[Opening Source data section]

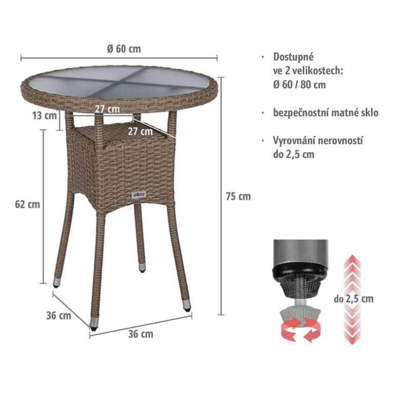 Stolik, w tym blat z matowego szkła, jest wykonany z ręcznie tkanego polirattanu i ma solidną stalową ramę malowaną proszkowo. Stół nadaje się do użytku wewnątrz i na zewnątrz, np. na tarasie, ogrodzie czy balkonie. Solidna stalowa konstrukcja jest owinięta wiklinową, odporną na warunki atmosferyczne i promieniowanie UV polirattanową, więc nie musisz się martwić o jej trwałość. Dzięki wstępnie zmontowanym śrubom poziomującym stół można bardzo łatwo wypoziomować i postawić na dowolnej powierzchni. Dolna półka stołu zapewnia wtedy dodatkową przestrzeń do przechowywania.
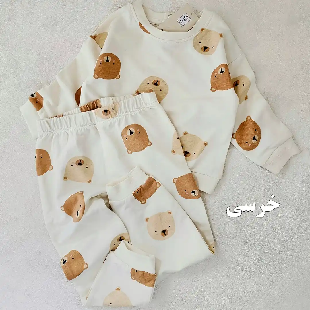 سایز 6 تا 12 ماه ( قد بلوز : 31 – پهنا بلوز : 28 – قد شلوار : 41 )
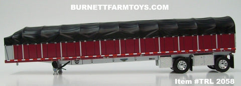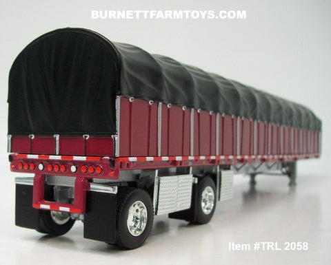 Item #TRL 2058 Burgundy Sided Black Tarp Silver Frame Spread Axle Wilson Roadbrute 53-foot Flatbed Covered Wagon Trailer - 1/64 Scale – DCP by First Gear
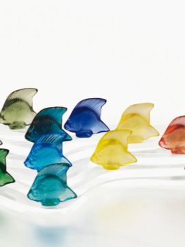 Le Poisson en cristal Lalique incolore tamponné or allie éclat, finesse et savoir-faire d’exception. Une touche de luxe intemporel.
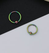 Colorful titanium captive ring made from rainbow pvd on ASTM F-136 titanium with a single bead. Size is 16G. Choose your diameter size: 5/16" (8mm), 3/8" (10mm). Sold individually (1 pc). For healed piercings.
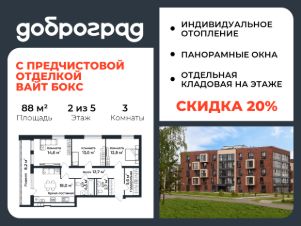 Продается 3-к квартира 88 кв.м. С ПРЕДЧИСТОВОЙ ОТДЕЛКОЙ в новом построенном доме по адресу: Владимирская область, Доброград, улица Долголетия, д.2, корп. 1.
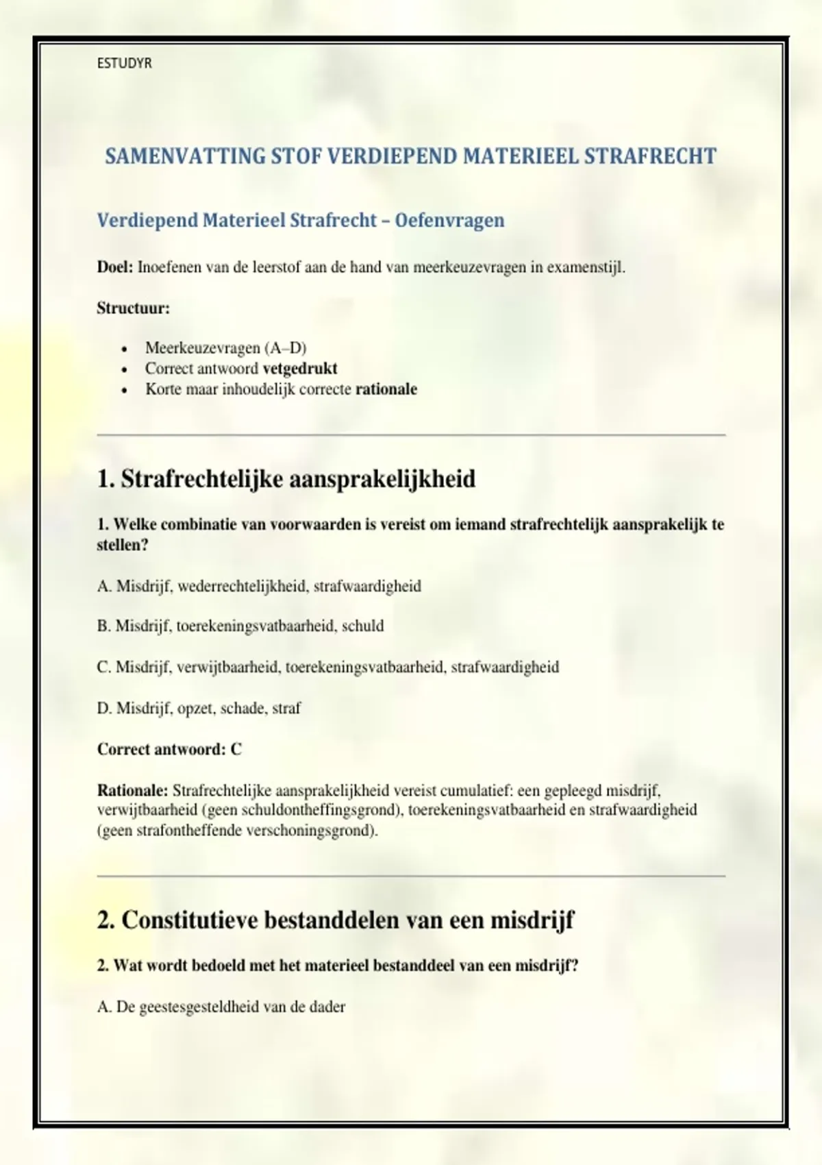 Verdiepend Materieel Strafrecht – Oefenvragen

[Closing Source data section]

Exact copy required, pictures excluded: the lines from the one holding "سایز 6 تا 12" through the last line of the data, both ends included.

## Exercise output
 سایز 6 تا 12 ماه ( قد بلوز : 31 – پهنا بلوز : 28 – قد شلوار : 41 )
 Item #TRL 2058 Burgundy Sided Black Tarp Silver Frame Spread Axle Wilson Roadbrute 53-foot Flatbed Covered Wagon Trailer - 1/64 Scale – DCP by First Gear
 Le Poisson en cristal Lalique incolore tamponné or allie éclat, finesse et savoir-faire d’exception. Une touche de luxe intemporel.
 Colorful titanium captive ring made from rainbow pvd on ASTM F-136 titanium with a single bead. Size is 16G. Choose your diameter size: 5/16" (8mm), 3/8" (10mm). Sold individually (1 pc). For healed piercings.
 Продается 3-к квартира 88 кв.м. С ПРЕДЧИСТОВОЙ ОТДЕЛКОЙ в новом построенном доме по адресу: Владимирская область, Доброград, улица Долголетия, д.2, корп. 1.
 Verdiepend Materieel Strafrecht – Oefenvragen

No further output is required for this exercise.